========================================================
Hi everyone, I’m trying out R knitr for my blog posts now; let me know what you think!
Recently, I was looking for sample size calculations in R and found that R really doesn’t have good built in funtions for sample size and power. For example, for finding the sample size necessary to find a difference in two proportions, one can use the power.prop.test() function and get the following output:
power.prop.test(n=NULL, .10, .25, .05, .90, alternative="two.sided")
##
## Two-sample comparison of proportions power calculation
##
## n = 132.7557
## p1 = 0.1
## p2 = 0.25
## sig.level = 0.05
## power = 0.9
## alternative = two.sided
##
## NOTE: n is number in *each* group
But there are very few options in this function; for example, there is no option for a continuity correction for the normal approximation to binary data, you can’t compare a one sample of a null vs alternative value instead of two sample proportion, and you can’t change the ratio of the size of the two samples. Even more importantly, there’s no way to find effective sample size when data is clustered. There are other functions in R but I found them complicated and not user friendly. The sampsi and sampclus functions in Stata are intuitive and useful, and have all of those important options. I decided to build my own R functions that had the same capabilities, and I’ve posted them here for others to use and comment on. Eventually I would like to make an R package that includes all of these functions for ease of use.
The first function, sampsi.prop(), calculates sample size for one and two sample tests of proportions.
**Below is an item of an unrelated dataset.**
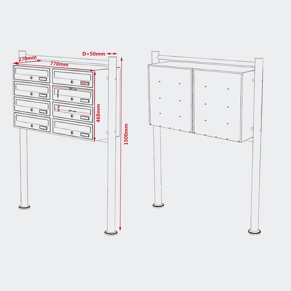 • rozměry poštovní schránky: 270 x 770 x 468 mm

The required n for both are as follows: * Two-sample test of equality of proportions, with continuity correction:
\[n_1 = \frac{n'}{4}\left(1+\left\{1+\frac{2(r+1)}{n'r|p_1-p_2|}\right\}^{1/2}\right)^2\]
and \(n_2 = rn_1\)
\[n' = \frac{\left(z_{1-\alpha/2}\left\{(r+1)\bar{p}\bar{q}\right\}^{1/2}+z_{1-\beta}(rp_1q_1+p_2q_2)^{1/2}\right)^2}{r(p_1-p_2)^2}\]
and \(\bar{p} = (p_1+rp_2)/(r+1)\) and \(\bar{q}=1-\bar{p}\)
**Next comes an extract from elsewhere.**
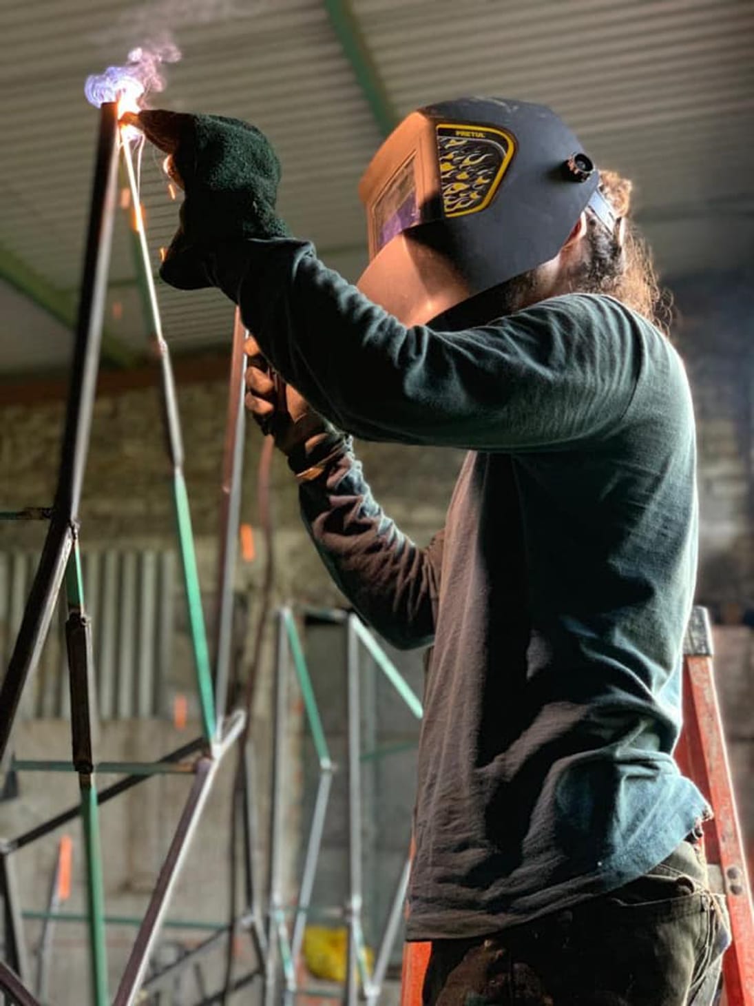 Gutierrez initially planned to share the information that would be helpful to migrants on large signs that he would place along the trail through Mexico, but when he received an unexpected grant from the Kindle Project in 2016, he decided to create coyote sculptures. He had been paining coyotes since his college days, so he was familiar with the image that he wanted to create. To Gutierrez, the transition from painting murals to constructing large sculptures felt natural because of his background in architecture. “I’ve always felt that I’m more of a sculptor than a painter,” he says. He sketches each design and then uses computer-aided design (CAD) to create a floor plan before welding the metal base, often from tall heights and shaky ladders. The frame is covered in slabs of recycled wood, which is “tattooed” with a map of Mexico on one side and resources available to migrants on the other. Shelving inside the tail serves as a collection center for supplies. Each design is unique and the information shared is specific to the statue’s location. “I hate when you go to a museum and you can’t get close to a piece. My sculptures are contrary to that — I want people to write on them and leave messages,” he explains.

so that \(n_1=n'\) and \(n_2=rn_1\)
- One-sample test of proportions where null is \(p=p_0\) and alternative is \(p=p_A\):
\[n = \left(\frac{z_{1-\alpha/2}\left\{p_0(1-p_0)\right\}^{1/2} + z_{1-\beta}\left\{p_A(1-p_A)\right\}^{1/2}}{p_A-p_0}\right)^2\]
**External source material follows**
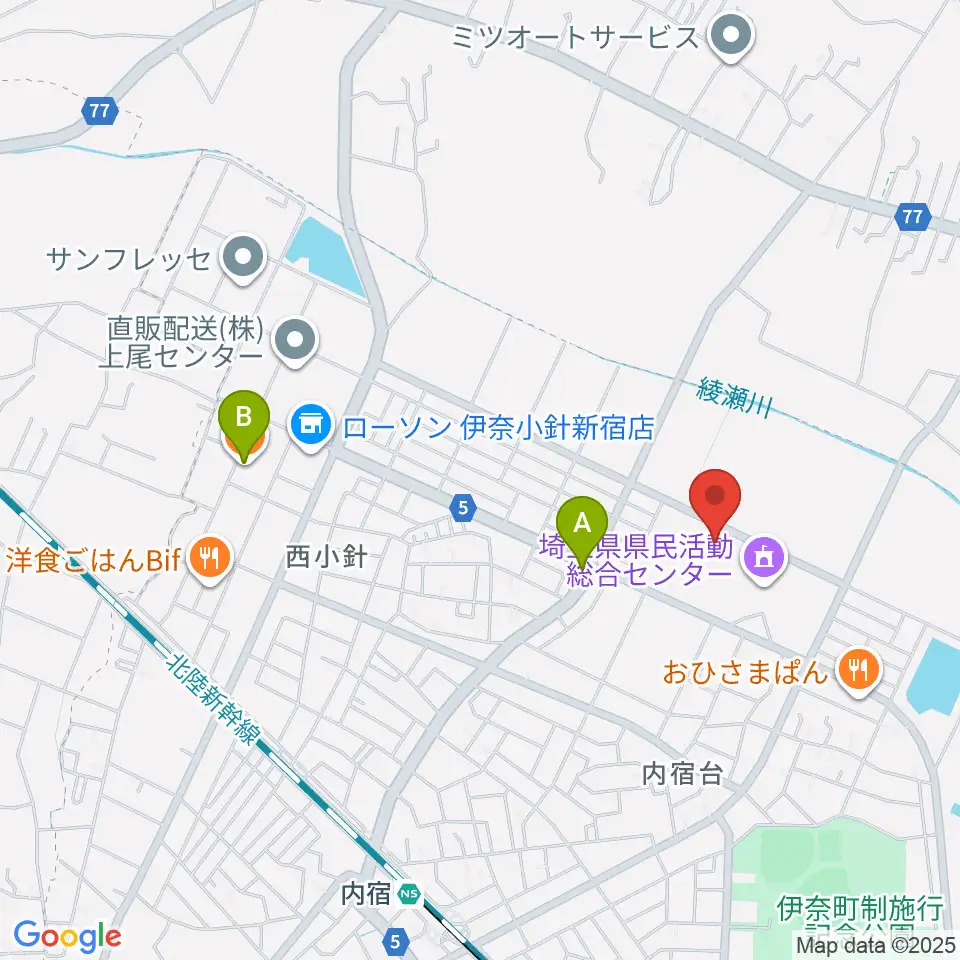 埼玉県県民活動総合センター周辺のカフェ一覧地図

The function sampsi.prop() takes arguments p1 and p2, which are either the null and alternative proportions, respectively, for the one-sample test, or two proportions for the two-sample test. These arguments are required for the function to run. The rest of the arguments have preset default values so do not need to be indicated, and include the ratio of smaller group to larger group (default=1), power (default of \(\beta=.80\)), significance level (default of \(\alpha=.05\)), a logical argument for whether to include the continuity correction (default is true), whether to perform a two-sided test or one-sided (default is two), and whether to perform the two-sample or one-sample test (defaut is two-sample test). The output is a list object.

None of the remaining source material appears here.